SOC 2 for ISVs — A 2026 Refresh of the Series

TL;DR

I originally wrote the 5-part SOC 2 for ISVs series in early 2025. In 2026 I refreshed all five posts: regenerated the imagery for a more modern, consistent look, and revisited the content based on what I actually saw across customer engagements between 2020 and 2025. Up front: I’m an engineer, not a CPA. I just want to ship code. I ended up doing this work because the companies I consulted with needed to sell B2B and couldn’t without it. This refresh adds the honesty that the original series didn’t quite have, plus a per-post update reflecting what’s changed in the field — including the rise of compliance automation vendors, the impact of AI on the workflow, and how identity standards have absorbed a huge chunk of what used to be manual security work.

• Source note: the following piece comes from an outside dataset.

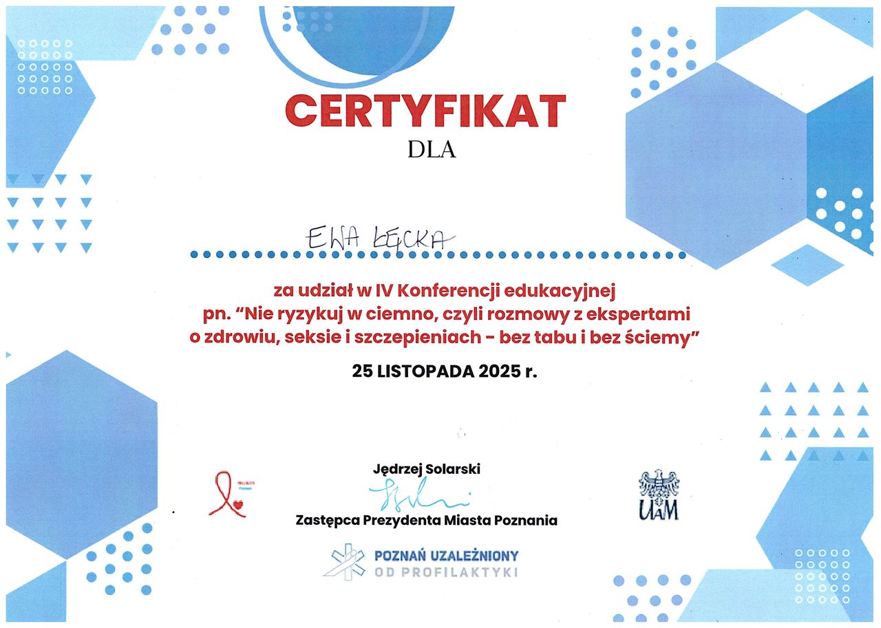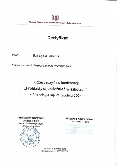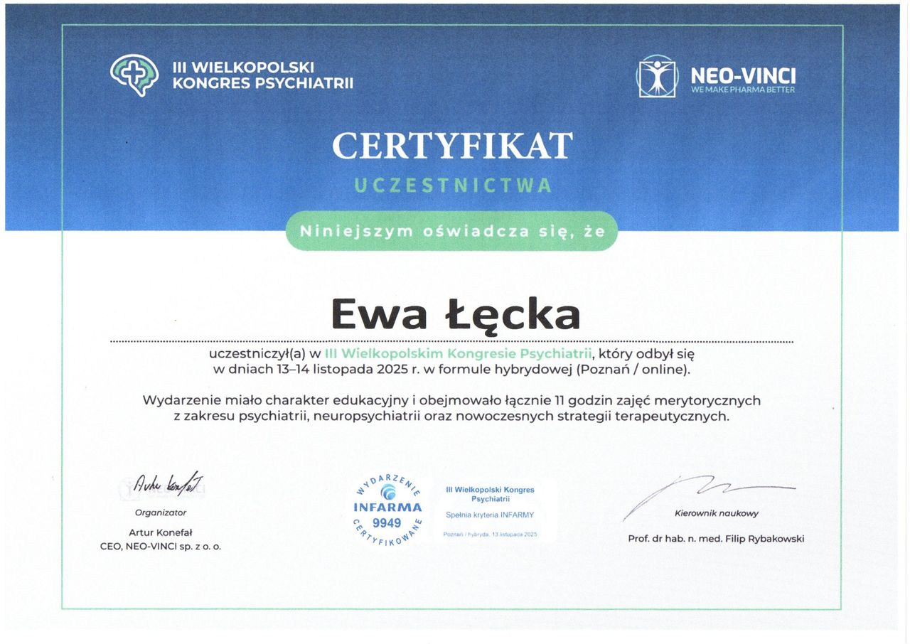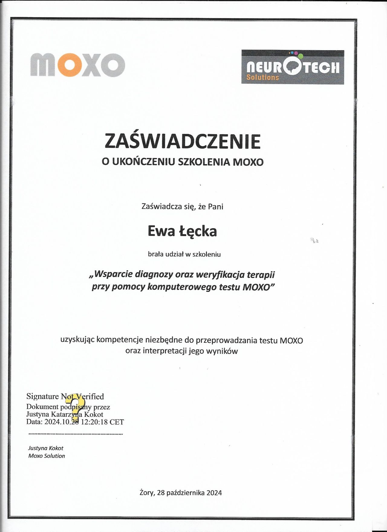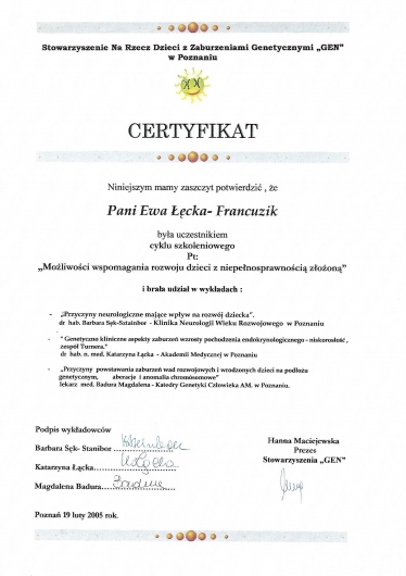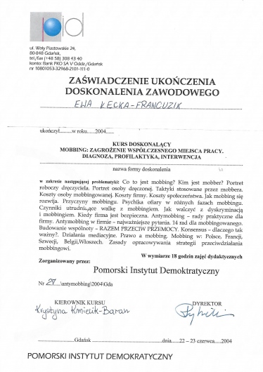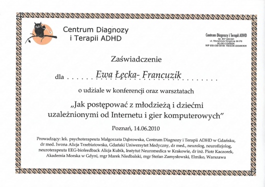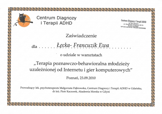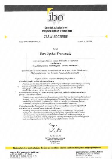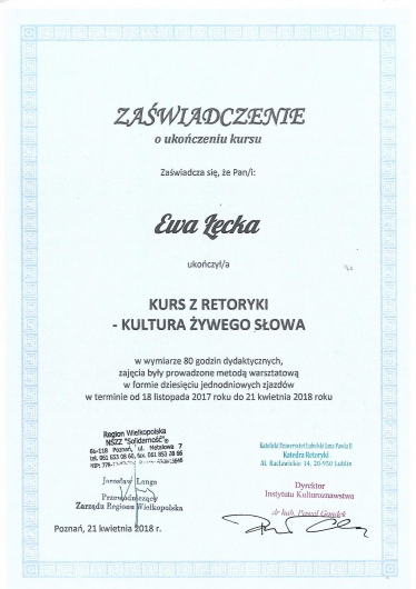 Jestem absolwentką Psychologii UAM (specjalizacja wychowawcza i kliniczna). Ponadto skończyłam Studia Podyplomowe z Pedagogiki. Uczestniczyłam w Kursie Psychoterapii Systemowej. Skończyłam studia podyplomowe z Logopedii.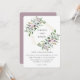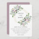 Beautiful bohemian style flowers and foliage in shades of mauve, white and green, adorned on layered golden geometric frame, wedding invitation. Back of card features solid mauve shadows colour.

A note on who’s actually writing this

Let me be honest about my position. I’m not a CPA. I’m an engineer who would rather be writing code than reading the AICPA Trust Services Criteria. I don’t enjoy bureaucracy or paperwork.

I ended up deep in SOC 2 — and SOC 1, SOC 2 Type I, SOC 2 Type II, and even the less-common SOC 3 — because the companies I consulted with needed those reports to sell B2B. PII safety, control evidence, audit trails: these were table stakes for the deals their sales teams wanted to close. So somebody had to make sure the technical side held up. That somebody, often, was me.

What I want to be clear about is that the audit work was never one person’s job. On the engagements I was part of:

• The CISO owned the security program, risk register, and most policy documents
• The CPA firm issued the actual SOC report — they’re the only ones legally allowed to
• A third-party pen-test firm ran the independent penetration test (you can’t pen-test yourself, as I covered in Part 1)
• The office manager / operations lead often handled surprising amounts of the people-side evidence — onboarding records, training completion, vendor agreements, signed acknowledgments
• The engineering and platform teams handled the technical controls — IAM, logging, encryption, change management, vulnerability remediation
• And in 2025 I finally adopted a GRC automation platform (Scytale, in my case) that pulled all of this together

That last point matters more than I gave it credit for in the original series.

The vendor landscape changed everything

When I started doing this work years ago, SOC 2 readiness was a Word-document-and-spreadsheet exercise. Policies in Word, evidence in Google Drive folders, control matrices in Excel, and a lot of human chasing. By 2025 the landscape had completely shifted. Modern compliance automation platforms now connect to AWS, Azure, GCP, GitHub, Okta, Jira, and dozens of other systems to pull evidence automatically.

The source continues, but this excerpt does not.